───それから数時間。
外は真っ暗で既に時計の短い針は9を指している。
診察室でパソコンに向かっていると、ノックと共に蒼先生が顔を出した。
「お疲れ」
「あぁ、蒼先生。お疲れ様です」
「まだ仕事か?」
「いえ、季蛍のカルテチェックです」
その言葉に蒼先生は小さく頷いた。
ベッドには顔色がさっきよりも悪くなった季蛍が座っている。
「季蛍もお疲れさん。診察受けてくれて良かったよ、昨日嫌がってたもんな」
「…んなことないし」
元気のない季蛍を見てか、蒼先生は少し不安そうに見つめる。
「肺炎の咳はイヤな咳だな。

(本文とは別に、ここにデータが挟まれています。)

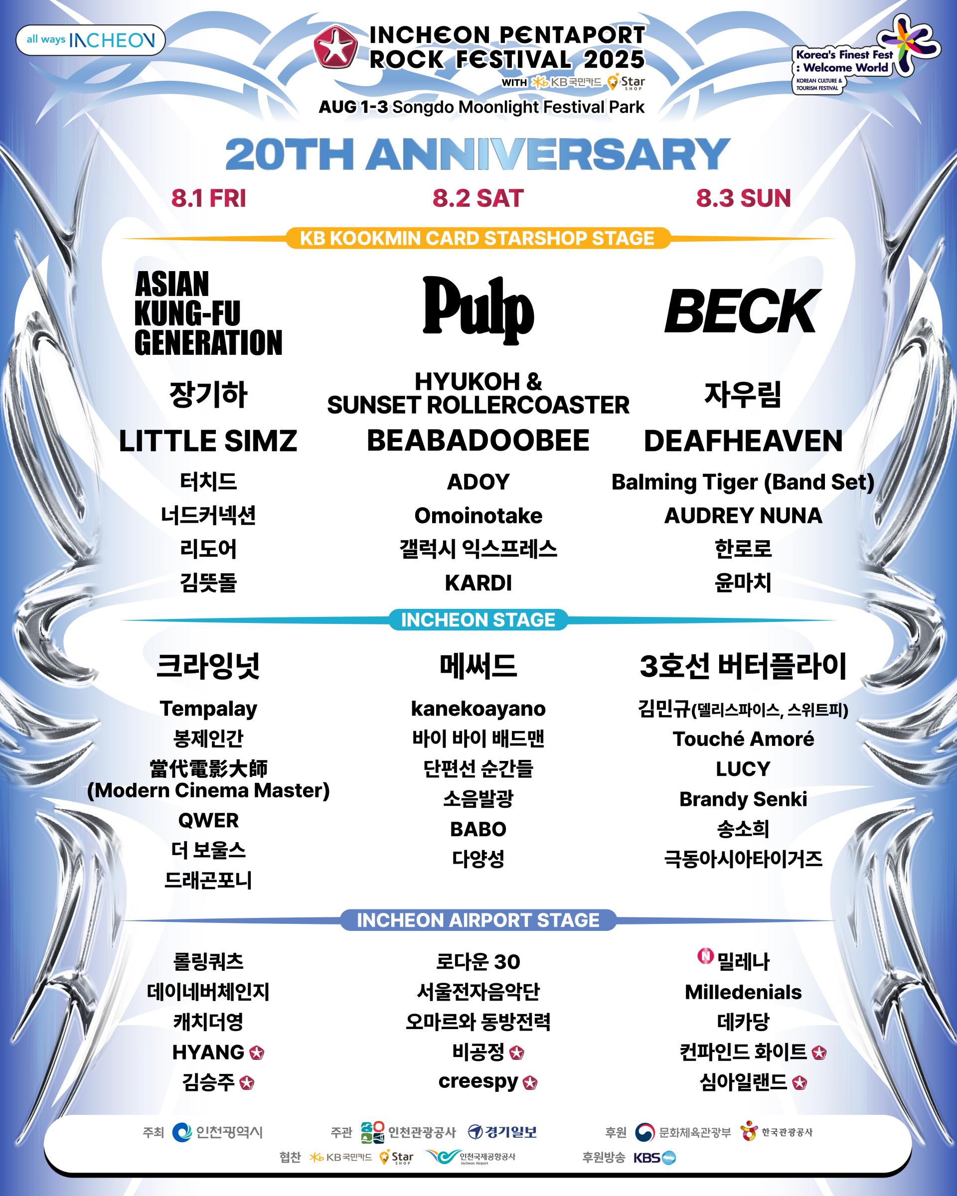 2025년 8월 1일(금)부터 8월 3일(일)까지 개최된 이번 펜타포트는 20주년이라는 이름값에 걸맞지 않는 부실한 운영, 페스티벌 자체의 과도한 자본주의화 등으로 인해 팬들 및 관객들에게 큰 비판을 받고 있다. 입장 대기 관리의 부실로 수많은 관람객들이 2~3시간에 달하는 대기줄을 서야 하기도 했다. 이러한 행사 운영상의 문제점들은 분명히 향후 개선이 필요하겠지만, 그 와중에도 최소한 아티스트 라인업만큼은 분노한 록 팬들의 비판으로부터 벗어나는 데 성공했다. 헤드라이너였던 영국의 전설적인 밴드 펄프(Pulp), 그래미 8관왕의 미국 싱어송라이터 벡(Beck)의 공연을 비롯해 수많은 아티스트들이 비와 폭염 속에서도 열연을 펼쳤다.

区別がつくよ」
蒼先生は季蛍の隣に座って、白衣のポケットに手を突っ込んだ。
「…1週間…2週間くらい入院したら十分だと思うので」
「そんなに…」
季蛍の力ない声が聞こえると、蒼先生は俺に苦笑いを向ける。
「仕事のことは気にしなくて大丈夫。季蛍は早く治さなくちゃ」
「…んも、治んない!」
「…え?」
急に声を上げて立ち上がった季蛍は、ハァハァと短い息を繰り返して床に座り込む。
「も……治んない…入院……しない」
今までは落ち着いていたんだけど。
「苦し、もう息できな……死んじゃう」
蒼先生も季蛍の隣にしゃがむと『大丈夫』とだけ声をかけて季蛍の震える手を握った。
「息、苦しくない。死んだりなんてしないし呼吸もできるでしょ?」
冷静に蒼先生は季蛍に言葉をかけていたけど、季蛍はそれを止められないようだった。
「…ん……息できないよ、…苦し…ッ」
床に手をついて浅い呼吸を繰り返す季蛍を、蒼先生はやんわり抱き上げてベッドに下ろした。